Dr. Lonny R. Levin is a Professor of Pharmacology at Weill Cornell Medicine, New York, NY, USA.
In 1999 in collaboration with Dr. Jochen Buck, he purified and cloned mammalian soluble adenylyl cyclase (sAC, ADCY10). Together they demonstrated that sAC activity is directly regulated by bicarbonate ions and functions as a biological sensor for carbon dioxide, bicarbonate, and pH. By 2000, Drs. Levin and Buck merged their research programs into a single program studying sAC biology. Their combined laboratory developed the most widely used genetic, pharmacologic, and immunologic reagents for studying sAC. In 2005, they demonstrated genetically and pharmacologically that sAC in sperm is essential for male fertility, and in 2014, in collaboration with Dr.
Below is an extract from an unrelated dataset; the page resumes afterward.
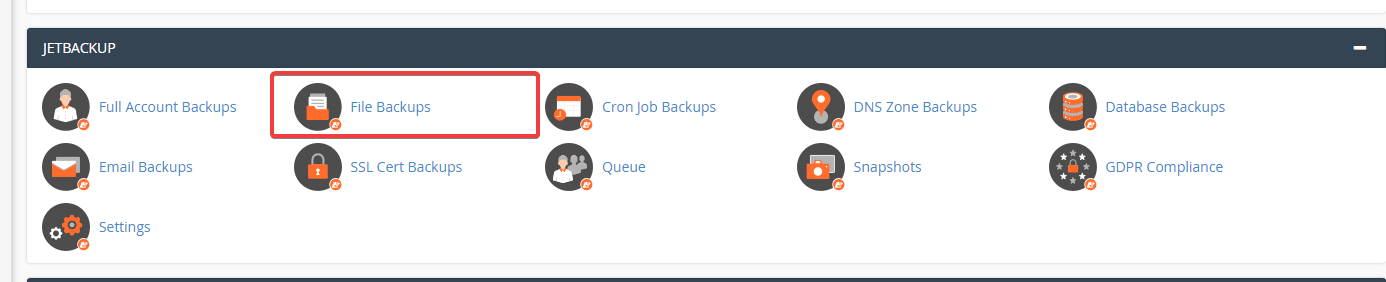 At the cPanel interface, go to JetBackup => File Backups

Clemens Steegborn, they structurally and biochemically elucidated its mechanism of bicarbonate regulation. Most recently, in concert with Dr. Steegborn and Dr. Peter T. Meinke and his team at TDI, Drs. Levin and Buck designed, developed, and leveraged potent and drug-like sAC inhibitors to establish the revolutionary paradigm of on-demand contraception in males.
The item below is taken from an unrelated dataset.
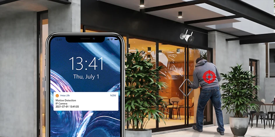 Когда наружная камера безопасности обнаруживает движение, она отправит Оповещение на ваш телефон в течение одной секунды.

For his PhD at Cold Spring Harbor Laboratory, Dr. Levin studied the cAMP signaling pathway and regulation of Protein Kinase A (PKA). During his post-doctoral training, as a Howard Hughes Fellow at Johns Hopkins School of Medicine, he cloned and characterized the Rutabaga adenylyl cyclase integral for learning and memory formation in Drosophila melanogaster. He started as a faculty member at Weill Cornell Medicine in 1994, where he soon began his long-term collaboration with Dr. Jochen Buck.